TASK — In the listing below, locate the line with "Hold køkkenet perfekt" and the line with "იყიდება ბინა ხუთსართულიანი", then output both and everything between them exactly, minus any pictures.

DATA SECTION —
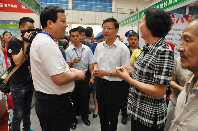 省政協(xié)副主席馮月菊(右一)、陜西省商務(wù)廳廳長姚超英(右二)等領(lǐng)導(dǎo)介紹石羊集團(tuán)參展的產(chǎn)品.
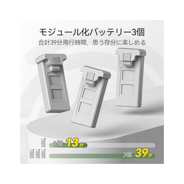 【合計39分飛行時間】モジュール化バッテリーが3個付き、1個の使用時間が13分で、合計39分の飛行時間となり、思う存分にドローン撮影を楽しめます。
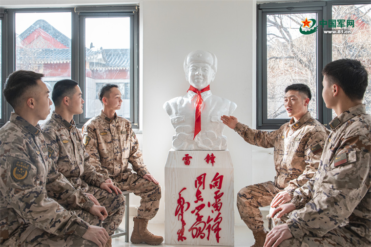“三互”小組成員在雷鋒同志像前展開討論。張雨行 攝
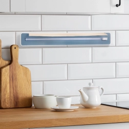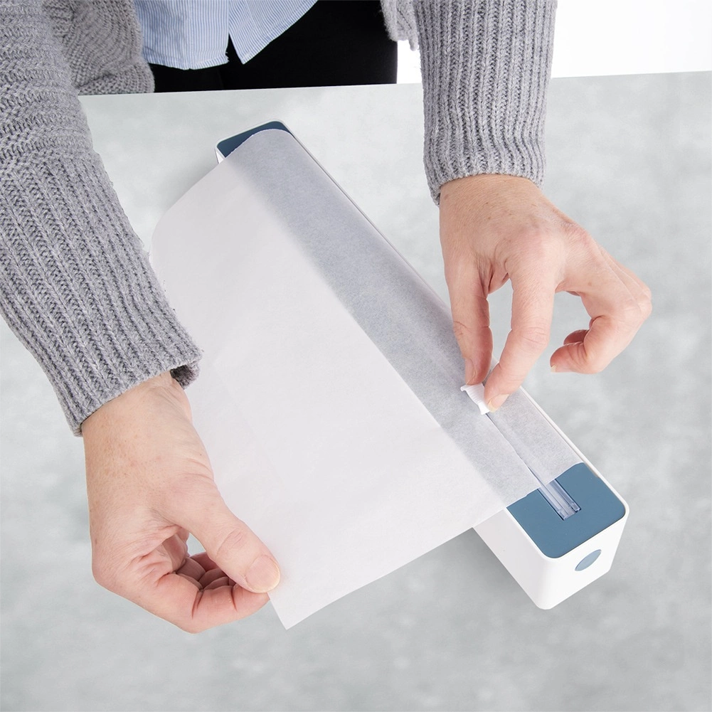 Hold køkkenet perfekt organiseret med en elegant dispenser, der kombinerer hurtig opmåling, ren skæring uden flossede kanter og bekvem opbevaring af ruller. Den integrerede skinne med skarpt blad skærer jævnt og lige, mens de indvendige stoppere forhindrer rullen i at flytte sig.
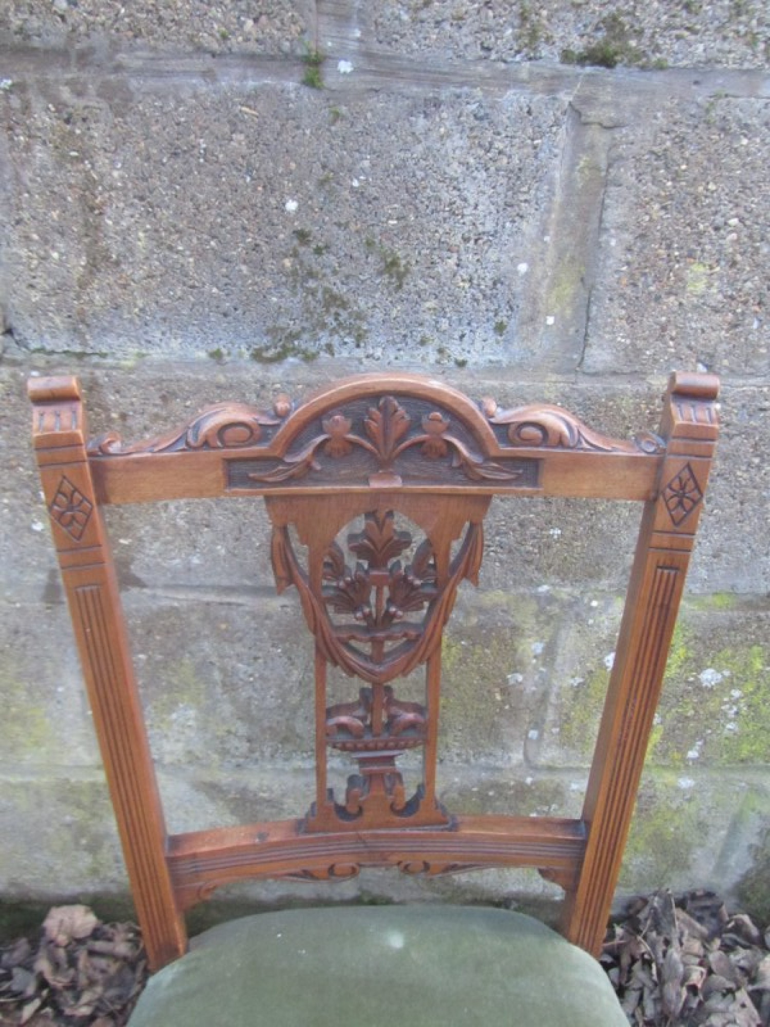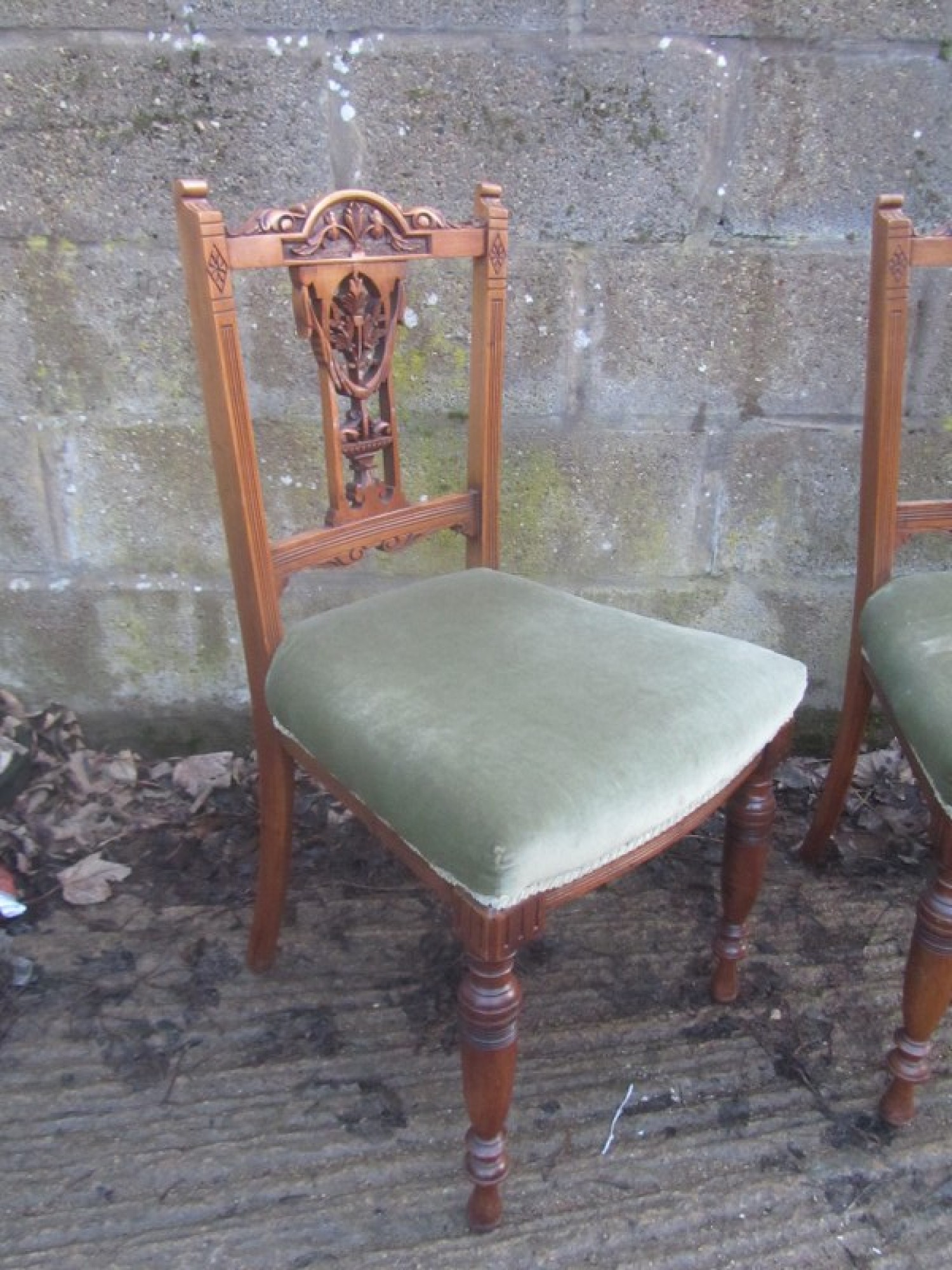 THERE IS DECORATIVE CARVING AT THE TOP OF THE BACK RESTS. THE FRAMES ARE STURDY, MADE FROM SOLID WALNUT. THE UPHOLSTERY IS CLEAN AND IN GOOD CONDITION. IDEAL FOR ANYWHERE IN THE HOME, COULD BE USED AS BEDROOM, HALL OR DINING CHAIRS. HEIGHT TO SEAT IS 46cm.
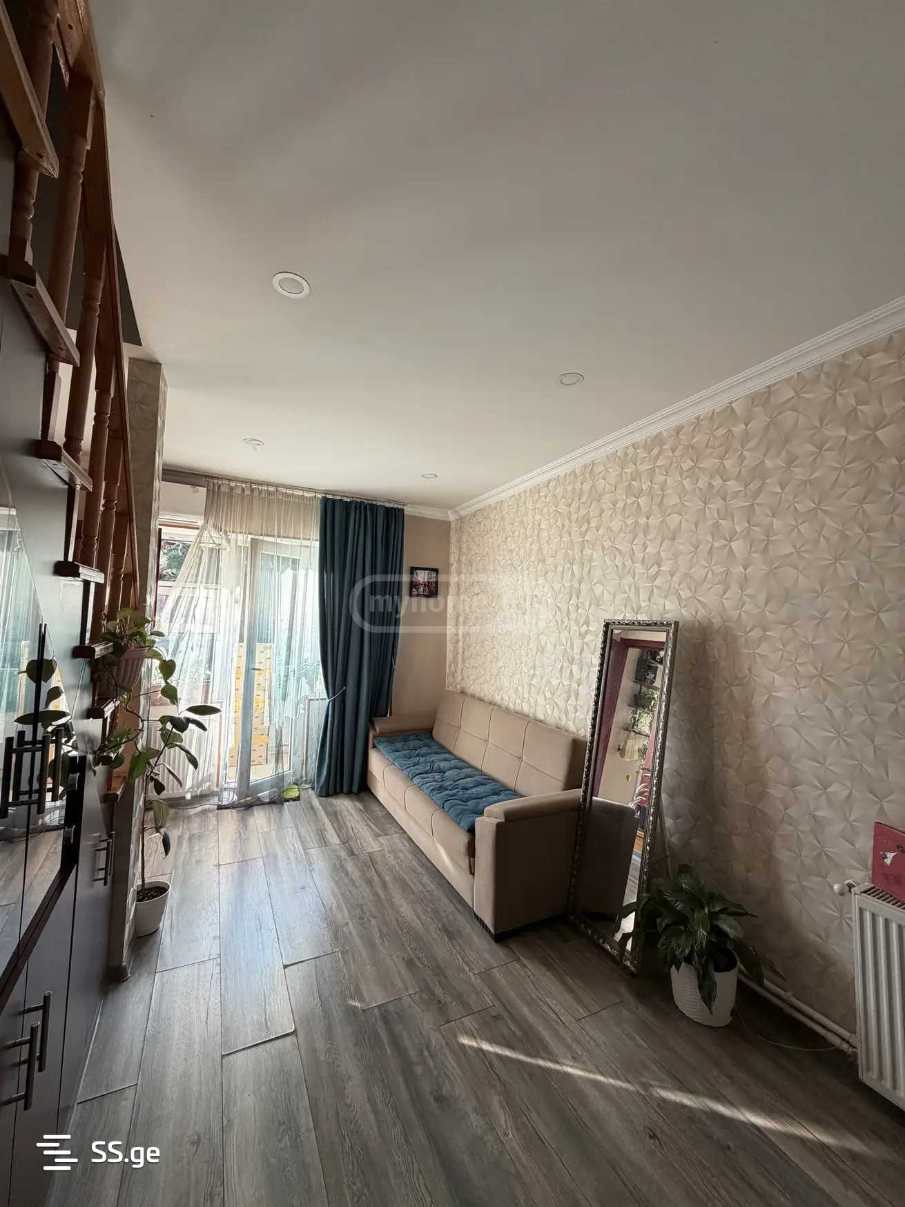 იყიდება ბინა ხუთსართულიანი კორპუსის მეხუთე სართულზე დაშენებით, დუპლექსის ტიპის.
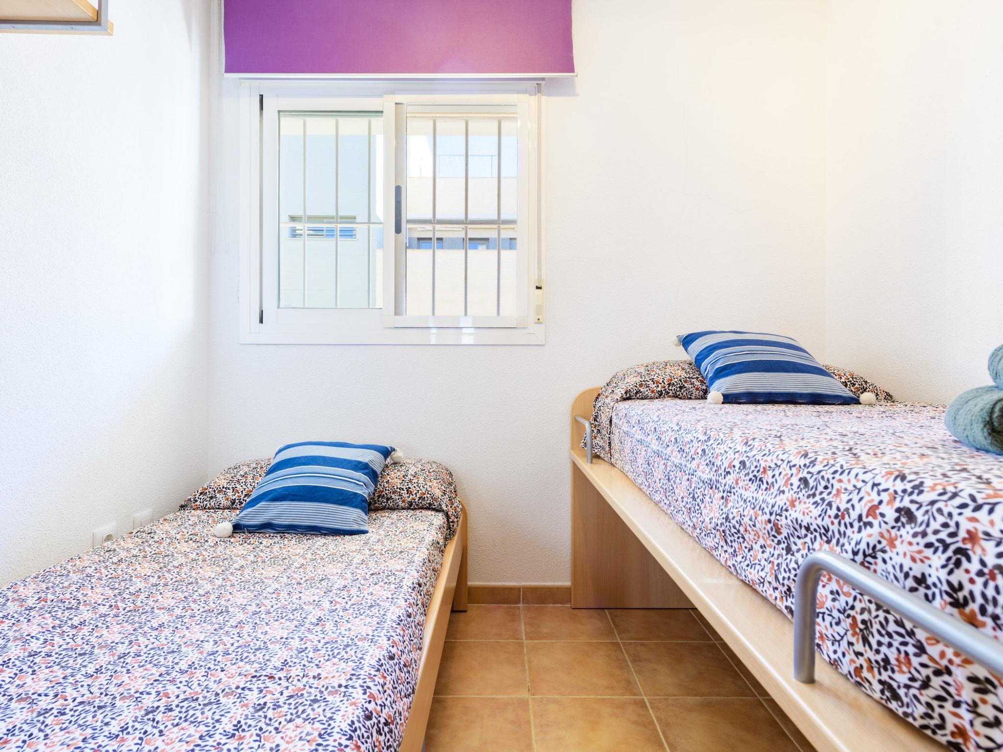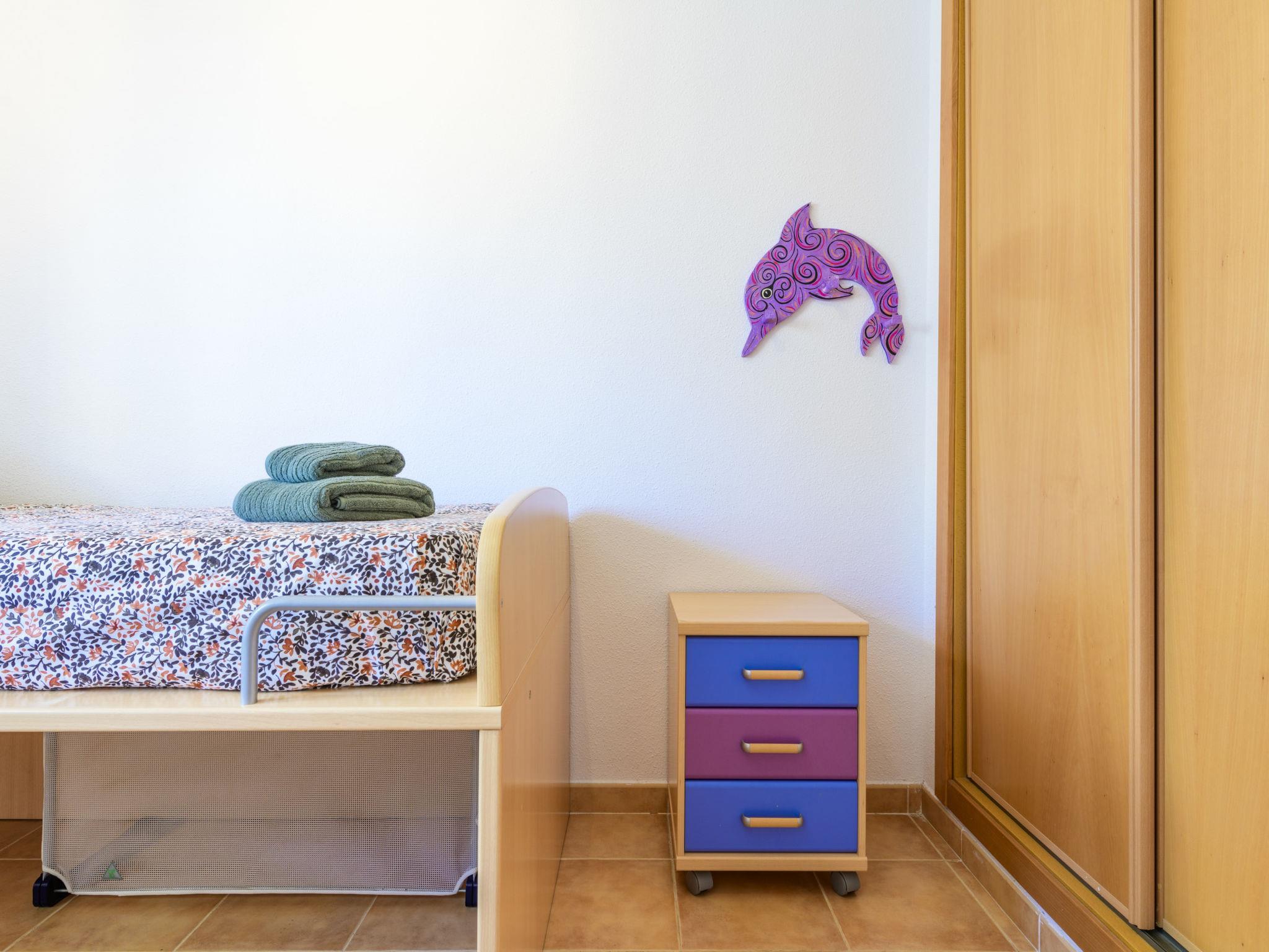 "Las Dunas", 3-room apartment 60 m2 on 3rd floor. Practical and comfortable furnishings: living/dining room with dining table, digital TV, flat screen and fan. Exit to the terrace. 1 room with 1 french bed (150 cm, length 190 cm), fan. 1 room with 2 beds (90 cm, length 190 cm), fan. Kitchen (oven, 4 ceramic glass hob hotplates, microwave, freezer) with hatch. Bath/bidet/WC. Electric heating. Terrace. Terrace furniture. View of the sea and the swimming pool. Facilities: washing machine, iron, hair dryer. Parking (roofed) at the house. Please note: non-smokers only. VT-42214-CS // Reg. Nr.: ESFCTU00001201600053971100000000000000000VT-42214-CS9
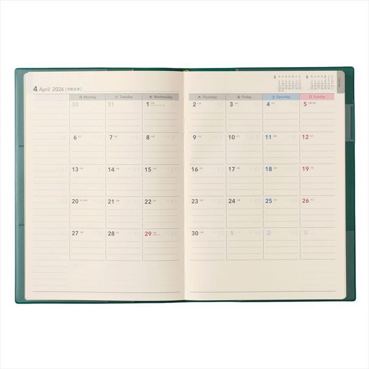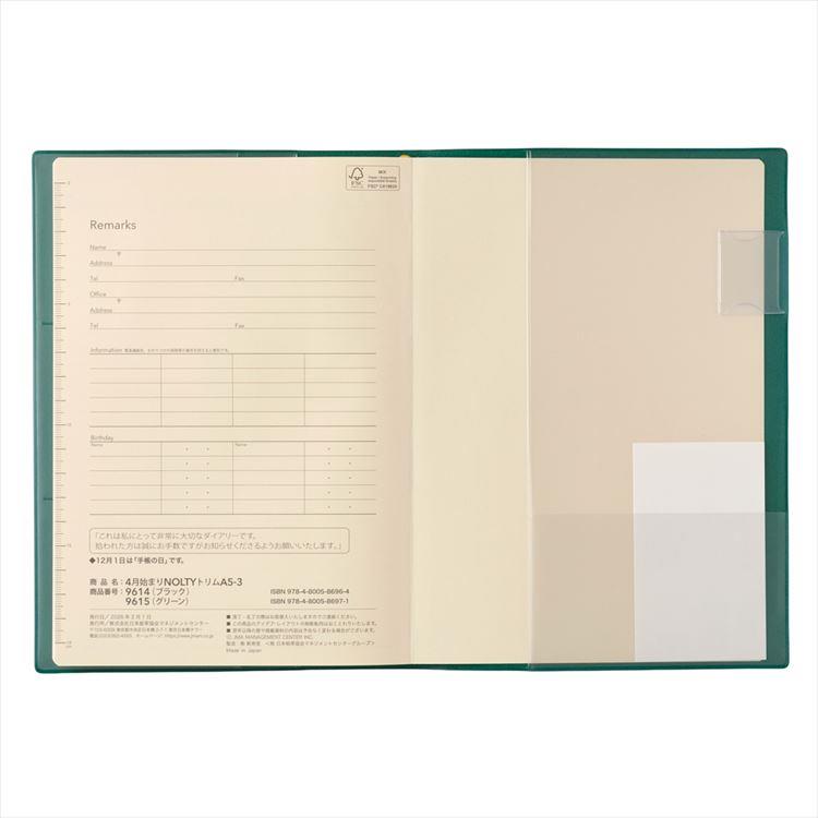 2026年4月始まり手帳 週間バーチカル A5 NOLTY トリム3 グリーン
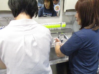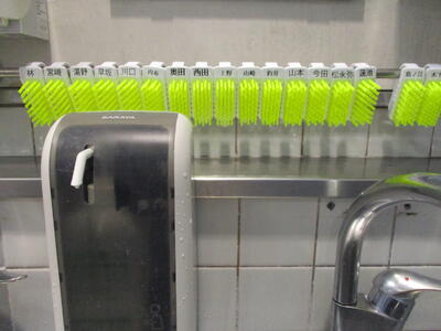 また、最初に行う手洗いも調理員さんそれぞれに自分の名前の入った専用ブラシがあり、マニュアルにそって何分も掛けて手の洗浄を行っているとのことでした。
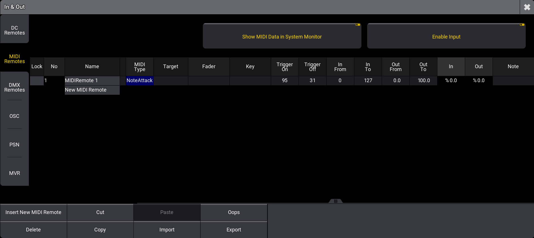 - To adjust the settings of the MIDI Remotes, switch to the In & Out window.

EXERCISE SOLUTION —
 Hold køkkenet perfekt organiseret med en elegant dispenser, der kombinerer hurtig opmåling, ren skæring uden flossede kanter og bekvem opbevaring af ruller. Den integrerede skinne med skarpt blad skærer jævnt og lige, mens de indvendige stoppere forhindrer rullen i at flytte sig.
 THERE IS DECORATIVE CARVING AT THE TOP OF THE BACK RESTS. THE FRAMES ARE STURDY, MADE FROM SOLID WALNUT. THE UPHOLSTERY IS CLEAN AND IN GOOD CONDITION. IDEAL FOR ANYWHERE IN THE HOME, COULD BE USED AS BEDROOM, HALL OR DINING CHAIRS. HEIGHT TO SEAT IS 46cm.
 იყიდება ბინა ხუთსართულიანი კორპუსის მეხუთე სართულზე დაშენებით, დუპლექსის ტიპის.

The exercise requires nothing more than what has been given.